INDRA Database REST Client (indra.sources.indra_db_rest)

The INDRA database client allows querying a web service that serves content from a database of INDRA Statements collected and pre-assembled from various sources.

Access to the webservice requires a URL (INDRA_DB_REST_URL) and possibly an API key (INDRA_DB_REST_API_KEY), both of which may be placed in your config file or as environment variables. If you do not have these but would like to access the database REST API, you may contact the developers to request a URL and API key.

INDRA Database REST API (indra.sources.indra_db_rest.api)

indra.sources.indra_db_rest.api.get_statements(subject=None, object=None, agents=None, stmt_type=None, use_exact_type=False, persist=True, simple_response=False, *api_args, **api_kwargs)[source]

Get a processor for the INDRA DB web API matching given agents and type.

There are two types of responses available.
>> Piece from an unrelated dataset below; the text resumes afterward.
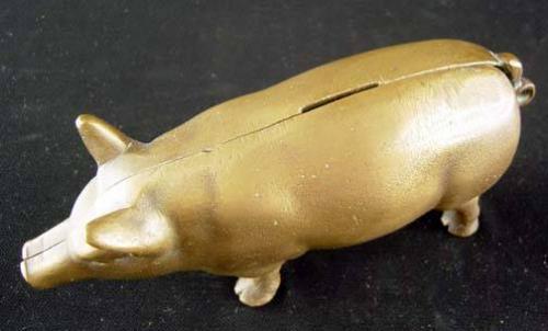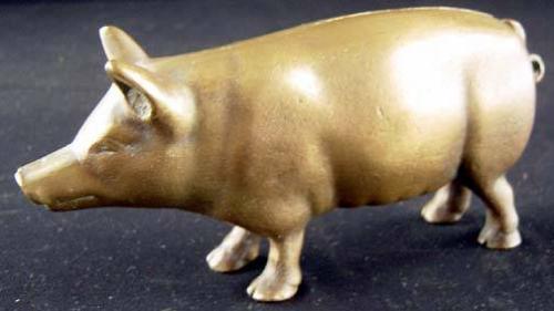 Cast Brass Pig Still Bank, Not a reproduction, Original Paint, 3" x 7" x 2.5"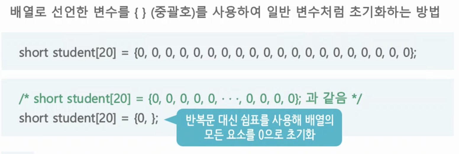 # 단, 초기화값이 0이 아닌 다른값으로 사용하고싶은 경우 반복문으로 사용해야함

You can just get a list of INDRA Statements, or you can get an IndraDBRestProcessor object, which allow Statements to be loaded in a background thread, providing a sample of the best* content available promptly in the sample_statements attribute, and populates the statements attribute when the paged load is complete.

The latter should be used in all new code, and where convenient the prior should be converted to use the processor, as this option may be removed in the future.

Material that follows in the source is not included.